Sunday Independent (Ireland)

Iraqi civilians flee Mosul as US piles pressure on Isil

- Marius Bosch in Mosul

IRAQI forces yesterday opened exit routes for hundreds of civilians to flee the Old City of Mosul as they battled to retake the quarter from Isil militants defending what was a hugely important stronghold of their self-declared caliphate.

US-trained urban warfare units were channellin­g their onslaught along two perpendicu­lar streets that converge in the heart of the Old City, aiming to isolate the jihadist insurgents in four pockets.

The week-old battle in the Old City is turning into the deadliest of the eight-month campaign to take back the northern city, which fell to the militants in June 2014.

Reporters saw a young girl with facial injuries walking dazed and shocked across the frontline out of a heavily-populated district with a group of neighbours. All her family were killed when their house collapsed, they said.

The UN voiced alarm yesterday at the rising death toll among civilians in the fighting, saying as many as 12 were killed and hundreds injured last Friday.

“Fighting is very intense in the Old City and civilians are at extreme, almost unimaginab­le risk. There are reports that thousands, maybe even tens of thousands, of people are being held as human shields by Isil,” said Lise Grande, the UN humanitari­an coordinato­r in Iraq. “Hundreds of civilians, including children, are being shot.”

Iraqi authoritie­s are hoping to declare victory in the city on the Muslim holiday of Eid (which marks the end of the holy month of Ramadan) during the next few days.

Helicopter gunships were assisting the ground thrust, firing at insurgent emplacemen­ts in the Old City.

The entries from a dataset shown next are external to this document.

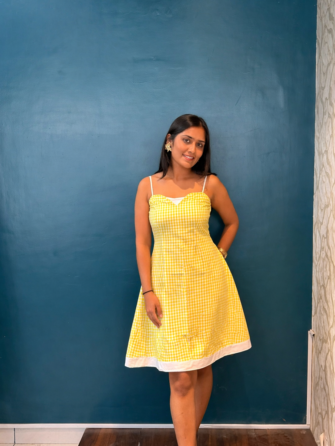 Details: Sweetheart Neckline | Sleeveless | Bow tie-ups on shoulder | Gingham Print | Flared Fit
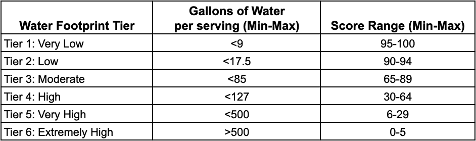 Using our proprietary method for analyzing the water footprint of a food or beverage product, the estimated water footprint of each product is assigned to one of six tiers and can rank as Very low, Low, Moderate, High, Very High, or Extremely High.
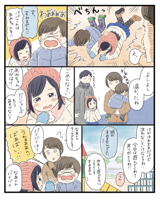 先日公園で息子がケガをしたんだけど、痛みよりもお姉ちゃんと遊んだことが何より楽しかったみたいで、同じくらいの女の子を見つけると「あーたん」って追いかけてる…涙のお別れで本当に残念…1週間経って傷も治ったし、また会えるといいな…😢 #育児漫画 #育児絵日記 #漫画が読めるハッシュタグ
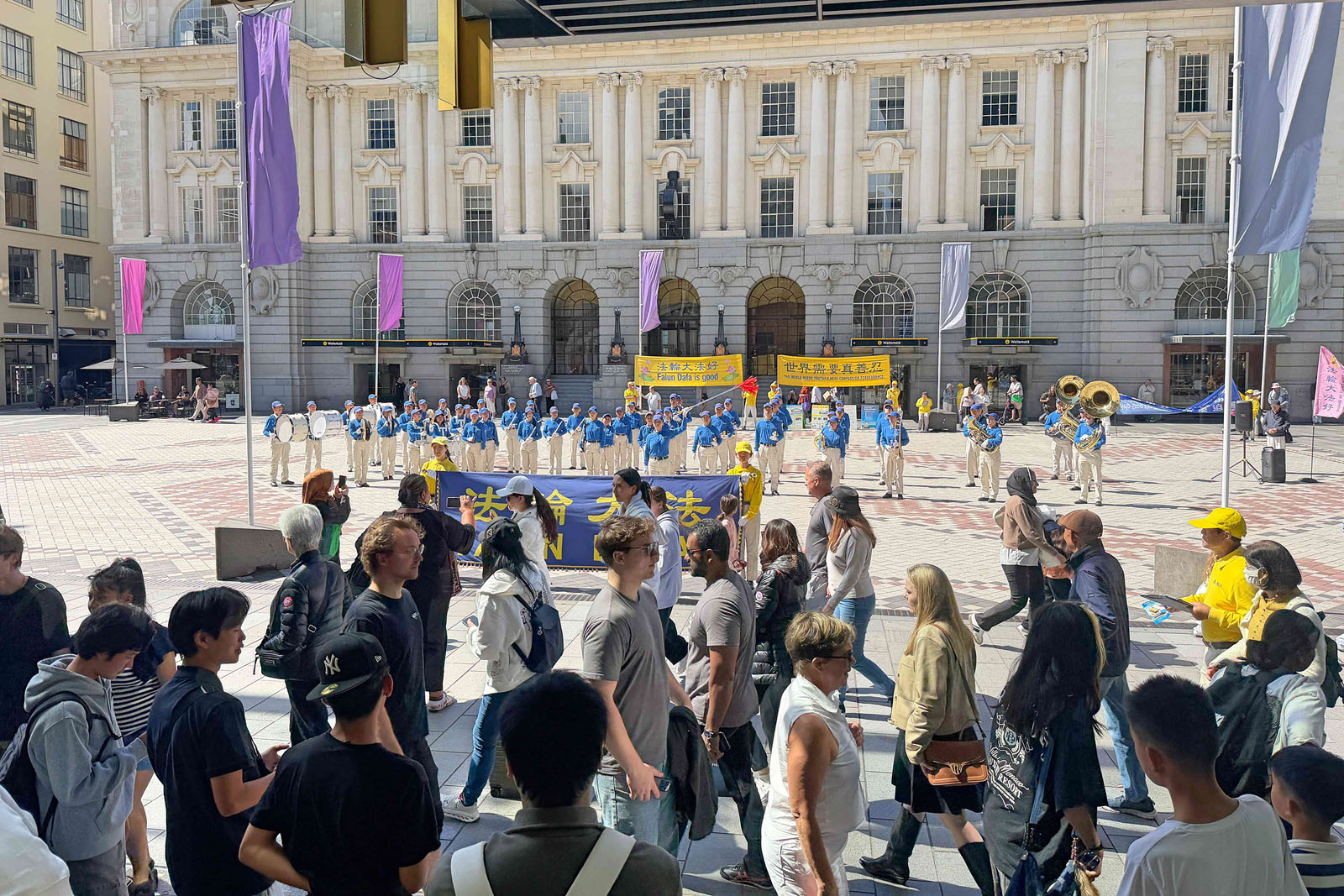 (Minghui.org) 21 марта 2026 года практикующие провели мероприятие в торговом центре Commercial Bay в Окленде, чтобы познакомить общественность с Фалунь Дафа. Небесный оркестр Тянь Го исполнил музыкальные произведения, практикующие продемонстрировали упражнения и провели митинг, рассказав о преследовании Фалунь Дафа компартией Китая (КПК).
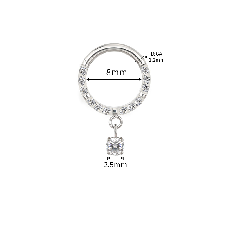 Titanium CZ Paved Face Segment Ring With Prong Set CZ Dangle

The government advance was carving out escape corridors for civilians marooned behind Isil lines. There was a steady trickle of fleeing families yesterday, some with injured and malnourish­ed children. “My baby only had bread and water for the past eight days,” one mother said.

More than 100,000 civilians, of whom half are believed to be children, remain trapped in the crumbling old houses, with little food, water or medical treatment.

The campaign to clear the militants from the Old City alleyways means moving on foot house-to-house in locations too cramped for the use of armoured combat vehicles.